Отец постоянно падал. Он начал много пить, усугубляя свою неуклюжесть. Алкоголь расслаблял его и, как я теперь думаю, давал ему индульгенцию, то самое право упасть. В клипе Massive Attack Live with Me молодая девушка идет в магазин, покупает большое количество алкоголя и выпивает все одна, потом ложится на скамейку в парке, закрывает глаза, и мы видим ее долгое, бесконечное падение вниз по винтовой лестнице. Тело катится вниз, цепляется за все вокруг, но никак не может удержаться, остановиться.

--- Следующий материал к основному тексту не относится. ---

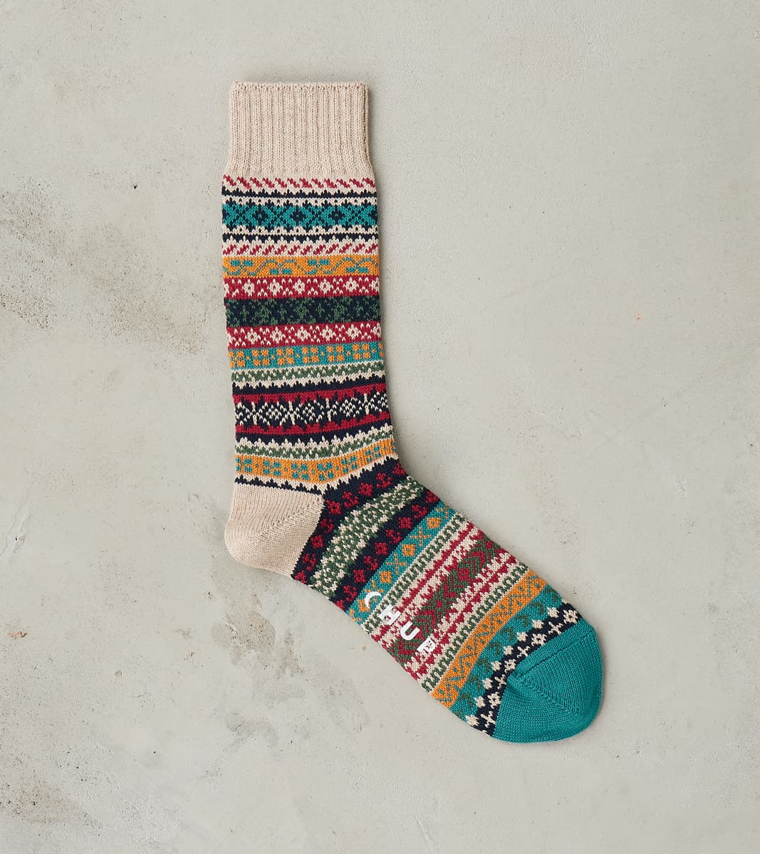 Begun in Tokyo with one desk and a single telephone over 25 years ago, Glen Clyde Inc. worked to become expert sock manufacturers by ensuring the utmost quality in production with unique designs. They created CHUP, "Classical Human's Universal Peace," to allow for the production of exceptionally designed folkloric and indigenous-inspired pieces that incorporate patterns and motifs from global cultures. The process of making socks by utilizing a stocking frame machine and a rare hand linking machine keeps the production old world and limited. Implementing...

Отец пил у себя за закрытыми дверями, но если выходил на кухню, то поскальзывался на линолеуме и падал в проеме между столом и диваном. Он был похож на большое перевернутое насекомое: пытался ухватиться за что-то или просто перевернуться со спины на живот. Его невозможно было поднять.
Падение, в отличие от шагов, свободно и неуправляемо, и, если ты начнешь падать, никогда не знаешь, что будет в финале.
За два дня до его смерти я начала по кругу слушать одну и ту же песню группы АукцЫон «Падал». Даже когда я не слушала ее, она продолжала звучать у меня в голове.
Один раз папа пришел к маме в комнату и молча лег рядом, обнял ее. Какое-то время они лежали вот так, и тело его тряслось и вздрагивало.
— Тебе лучше уйти, ты весь трясешься, — сказала она тогда. — Здесь нам тесно вдвоем.
Умиранию нужна поддержка, теплая рука, которая сжимает холод.
«Надо поехать к нему, — думала я. — Разберусь с делами и возьму отпуск, может быть в октябре».
«Кать, ты не знаешь, как там мой папа?» — написала я сообщение за день до его смерти.
А в день смерти, утром, я сделала фотографию. Это был черно-белый автопортрет у белой стены. Я подвела глаза черным карандашом и не смотрела в камеру, повернув голову к окну. На этой фотографии выражение лица у меня траурное.
Через два часа я была на работе, а мама написала мне эсэмэс: «Мариша, папа умер».
Болезнь моего отца длилась восемнадцать лет. Я проговаривала и представляла его смерть. Гадала, какой она будет.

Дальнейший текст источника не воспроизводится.